» Exercise requirements: Although the records include pictures, print only the rest, exactly as written.

(Stored items)

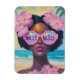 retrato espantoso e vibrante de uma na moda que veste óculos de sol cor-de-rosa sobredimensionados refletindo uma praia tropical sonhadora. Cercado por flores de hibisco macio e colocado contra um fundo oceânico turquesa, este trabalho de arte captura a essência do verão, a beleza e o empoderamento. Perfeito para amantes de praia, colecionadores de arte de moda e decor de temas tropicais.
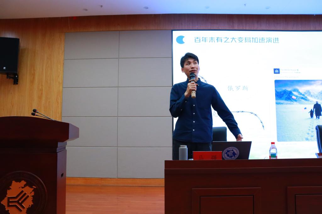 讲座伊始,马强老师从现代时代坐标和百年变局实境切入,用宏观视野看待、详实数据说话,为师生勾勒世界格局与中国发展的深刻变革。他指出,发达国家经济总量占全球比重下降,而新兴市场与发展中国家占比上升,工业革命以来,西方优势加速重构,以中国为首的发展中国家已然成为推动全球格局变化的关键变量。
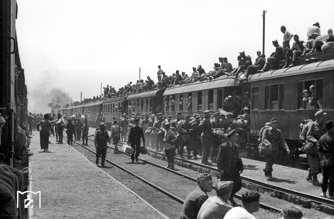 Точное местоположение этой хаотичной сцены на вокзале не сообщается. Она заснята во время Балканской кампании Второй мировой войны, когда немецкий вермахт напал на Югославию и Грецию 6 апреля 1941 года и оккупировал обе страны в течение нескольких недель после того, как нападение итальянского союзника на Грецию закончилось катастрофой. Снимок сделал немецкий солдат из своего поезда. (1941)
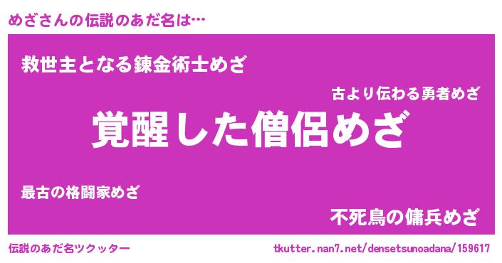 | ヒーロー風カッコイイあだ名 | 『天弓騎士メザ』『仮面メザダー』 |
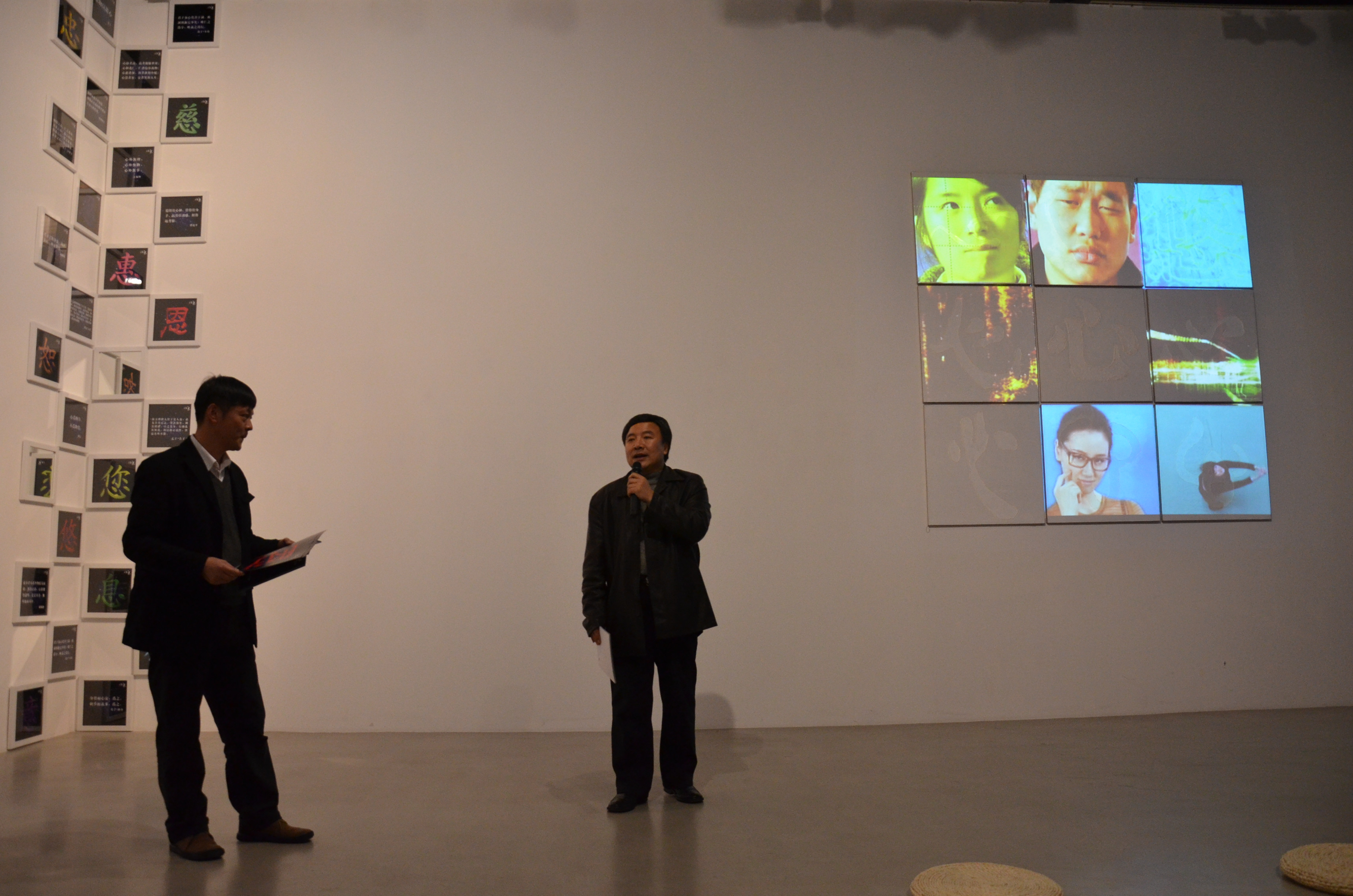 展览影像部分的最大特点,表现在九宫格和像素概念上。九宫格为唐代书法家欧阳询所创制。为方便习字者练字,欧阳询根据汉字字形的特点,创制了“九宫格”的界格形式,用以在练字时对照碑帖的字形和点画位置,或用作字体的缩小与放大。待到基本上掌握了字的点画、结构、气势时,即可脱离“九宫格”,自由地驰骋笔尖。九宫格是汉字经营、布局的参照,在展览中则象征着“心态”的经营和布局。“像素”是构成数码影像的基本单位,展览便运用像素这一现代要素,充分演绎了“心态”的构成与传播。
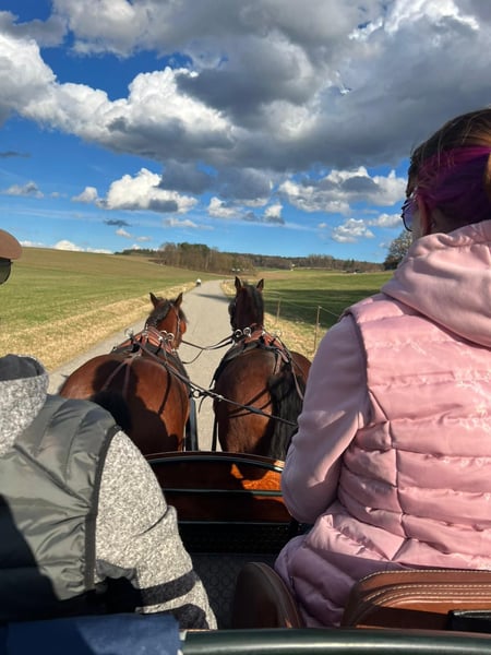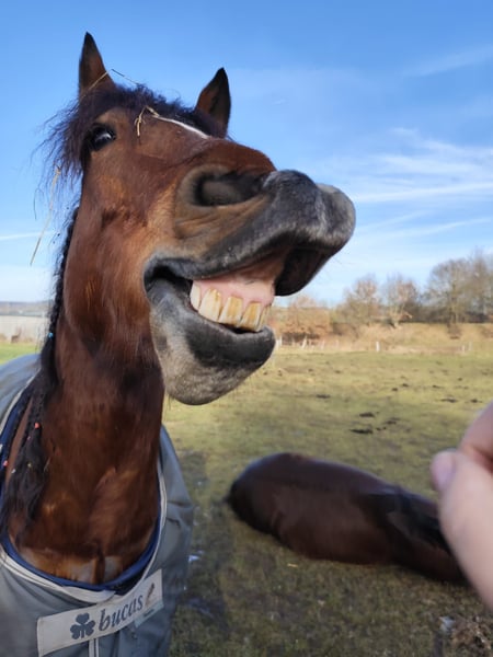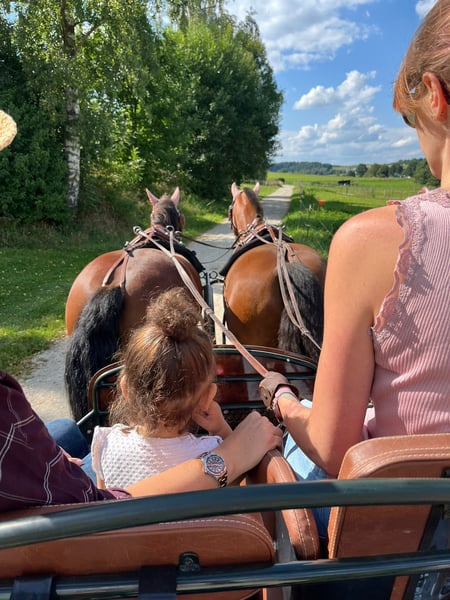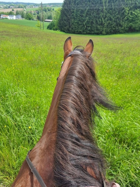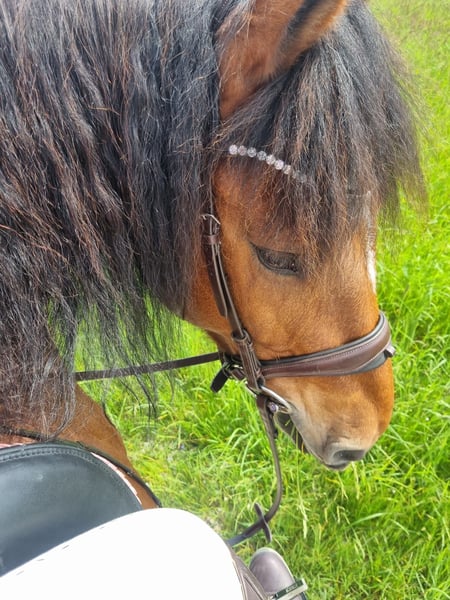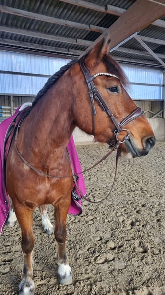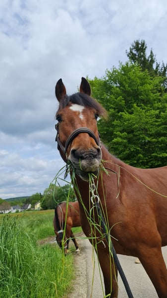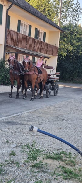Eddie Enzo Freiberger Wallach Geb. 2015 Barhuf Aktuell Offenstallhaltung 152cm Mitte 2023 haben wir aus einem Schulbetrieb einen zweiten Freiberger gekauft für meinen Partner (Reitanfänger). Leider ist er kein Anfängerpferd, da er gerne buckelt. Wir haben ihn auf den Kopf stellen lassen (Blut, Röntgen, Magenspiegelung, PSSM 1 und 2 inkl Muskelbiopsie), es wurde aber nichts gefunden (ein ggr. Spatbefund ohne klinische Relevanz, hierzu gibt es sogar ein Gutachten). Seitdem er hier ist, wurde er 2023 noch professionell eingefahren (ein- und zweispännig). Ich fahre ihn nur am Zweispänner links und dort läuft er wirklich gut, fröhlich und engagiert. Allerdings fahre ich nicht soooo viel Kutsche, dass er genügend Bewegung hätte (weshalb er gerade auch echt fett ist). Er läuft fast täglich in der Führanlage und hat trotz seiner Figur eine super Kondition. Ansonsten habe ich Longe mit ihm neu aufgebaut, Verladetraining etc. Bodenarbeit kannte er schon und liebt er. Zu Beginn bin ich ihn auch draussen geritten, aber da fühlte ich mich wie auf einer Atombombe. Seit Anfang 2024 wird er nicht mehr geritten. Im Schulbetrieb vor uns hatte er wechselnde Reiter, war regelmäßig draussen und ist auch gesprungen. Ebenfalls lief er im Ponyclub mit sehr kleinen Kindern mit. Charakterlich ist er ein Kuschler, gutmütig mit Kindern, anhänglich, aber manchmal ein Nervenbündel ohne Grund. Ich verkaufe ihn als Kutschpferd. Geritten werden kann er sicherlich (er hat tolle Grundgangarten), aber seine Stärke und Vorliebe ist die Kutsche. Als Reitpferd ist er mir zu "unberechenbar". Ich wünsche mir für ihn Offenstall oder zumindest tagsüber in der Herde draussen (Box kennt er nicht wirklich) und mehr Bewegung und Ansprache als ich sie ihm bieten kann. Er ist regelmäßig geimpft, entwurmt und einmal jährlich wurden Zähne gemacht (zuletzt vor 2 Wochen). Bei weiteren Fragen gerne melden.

» Response to this exercise:
 retrato espantoso e vibrante de uma na moda que veste óculos de sol cor-de-rosa sobredimensionados refletindo uma praia tropical sonhadora. Cercado por flores de hibisco macio e colocado contra um fundo oceânico turquesa, este trabalho de arte captura a essência do verão, a beleza e o empoderamento. Perfeito para amantes de praia, colecionadores de arte de moda e decor de temas tropicais.
 讲座伊始,马强老师从现代时代坐标和百年变局实境切入,用宏观视野看待、详实数据说话,为师生勾勒世界格局与中国发展的深刻变革。他指出,发达国家经济总量占全球比重下降,而新兴市场与发展中国家占比上升,工业革命以来,西方优势加速重构,以中国为首的发展中国家已然成为推动全球格局变化的关键变量。
 Точное местоположение этой хаотичной сцены на вокзале не сообщается. Она заснята во время Балканской кампании Второй мировой войны, когда немецкий вермахт напал на Югославию и Грецию 6 апреля 1941 года и оккупировал обе страны в течение нескольких недель после того, как нападение итальянского союзника на Грецию закончилось катастрофой. Снимок сделал немецкий солдат из своего поезда. (1941)
 | ヒーロー風カッコイイあだ名 | 『天弓騎士メザ』『仮面メザダー』 |
 展览影像部分的最大特点,表现在九宫格和像素概念上。九宫格为唐代书法家欧阳询所创制。为方便习字者练字,欧阳询根据汉字字形的特点,创制了“九宫格”的界格形式,用以在练字时对照碑帖的字形和点画位置,或用作字体的缩小与放大。待到基本上掌握了字的点画、结构、气势时,即可脱离“九宫格”,自由地驰骋笔尖。九宫格是汉字经营、布局的参照,在展览中则象征着“心态”的经营和布局。“像素”是构成数码影像的基本单位,展览便运用像素这一现代要素,充分演绎了“心态”的构成与传播。
Eddie Enzo Freiberger Wallach Geb. 2015 Barhuf Aktuell Offenstallhaltung 152cm Mitte 2023 haben wir aus einem Schulbetrieb einen zweiten Freiberger gekauft für meinen Partner (Reitanfänger). Leider ist er kein Anfängerpferd, da er gerne buckelt. Wir haben ihn auf den Kopf stellen lassen (Blut, Röntgen, Magenspiegelung, PSSM 1 und 2 inkl Muskelbiopsie), es wurde aber nichts gefunden (ein ggr. Spatbefund ohne klinische Relevanz, hierzu gibt es sogar ein Gutachten). Seitdem er hier ist, wurde er 2023 noch professionell eingefahren (ein- und zweispännig). Ich fahre ihn nur am Zweispänner links und dort läuft er wirklich gut, fröhlich und engagiert. Allerdings fahre ich nicht soooo viel Kutsche, dass er genügend Bewegung hätte (weshalb er gerade auch echt fett ist). Er läuft fast täglich in der Führanlage und hat trotz seiner Figur eine super Kondition. Ansonsten habe ich Longe mit ihm neu aufgebaut, Verladetraining etc. Bodenarbeit kannte er schon und liebt er. Zu Beginn bin ich ihn auch draussen geritten, aber da fühlte ich mich wie auf einer Atombombe. Seit Anfang 2024 wird er nicht mehr geritten. Im Schulbetrieb vor uns hatte er wechselnde Reiter, war regelmäßig draussen und ist auch gesprungen. Ebenfalls lief er im Ponyclub mit sehr kleinen Kindern mit. Charakterlich ist er ein Kuschler, gutmütig mit Kindern, anhänglich, aber manchmal ein Nervenbündel ohne Grund. Ich verkaufe ihn als Kutschpferd. Geritten werden kann er sicherlich (er hat tolle Grundgangarten), aber seine Stärke und Vorliebe ist die Kutsche. Als Reitpferd ist er mir zu "unberechenbar". Ich wünsche mir für ihn Offenstall oder zumindest tagsüber in der Herde draussen (Box kennt er nicht wirklich) und mehr Bewegung und Ansprache als ich sie ihm bieten kann. Er ist regelmäßig geimpft, entwurmt und einmal jährlich wurden Zähne gemacht (zuletzt vor 2 Wochen). Bei weiteren Fragen gerne melden.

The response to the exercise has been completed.